EVR (Electromagnetic Valve Replacement) is a self-expanding transcatheter aortic bioprosthesis. It is designed to provide patients with long-term aortic valve regurgitation relief and prevent more severe aortic regurgitation. Its new design features an extended sealing skirt, lower implantation depth, and smaller insertion profile. These factors are expected to increase its success and decrease complications. Compared to the CV TAVI system, EVR has a shorter insertion length and smaller diameter, making it easier to place in challenging anatomical locations such as the left ventricular outflow tract. It also has a lower incidence of vascular complications.
The device is primarily composed of an electromagnetic solenoid assembly. It includes a passageway, which communicates with the atmosphere, and a chamber containing an armature and a magnetic pole piece. A control vacuum signal is generated inside the chamber, and a damping orifice is placed between the chamber and the atmosphere. A preload spring urges the armature towards a “closed” valve position.
The electromagnetic solenoid assembly is encased in a valve housing. The lower connecting flange 78 of the solenoid assembly is retained in the external cavity 80 of the upper valve housing 26. In order to keep the pressure within the chamber to a minimum, an electric vacuum regulator valve is installed. The preload of the biasing spring in this valve is sensitive and requires calibration. In addition, the inherent preload variations in production spring components are eliminated.
The electromagnetic solenoid assembly includes an EVR chamber 82, a bobbin 30, and an air inlet 38. The bobbin has a central bore 36, which communicates with the air inlet. The evr valve bobbin is constructed of a non-magnetic nylon tape. Its axial length is the same as the valve. When the bobbin is assembled, the armature and the air inlet are located at the center of the valve, and the primary air gap is the working air gap between the armature and the bobbin. The EVR valve is secured to the upper valve housing of the vacuum regulator valve 14.

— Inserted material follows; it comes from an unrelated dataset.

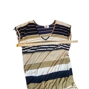 Olivia Matthews Women's Striped Midi Dress Size 3XP Short Sleeve V-Neck Stretchy

The primary air gap in the EVR valve is the axial distance between the armature and the bobbin. This axial distance is similar to that of the bobbin in the CV TAVI system, but the EVR’s insertion profile is slightly smaller, which is important for transfemoral access. In CV patients, the armature is also deep, which may contribute to the fact that the EVR valve does not deploy supra-annularly.
The EVR valve is also available with a built-in re-capture function, allowing the device to be deployed into the left ventricular outflow tract at an intended position 3-5 mm below the native annulus. The EVR has a reduced rate of mild paravalvular regurgitation, and the EVR has a lower incidence of vascular complications. It has a smaller insertion and postdilation profile, as well. This may be beneficial to patients with challenging iliofemoral anatomy.
While a large-scale clinical study is needed to determine the effectiveness of the EVR valve, preliminary results indicate that the bioprosthesis has a high clinical success and low risk of vascular complications. Its long-term clinical outcomes are excellent.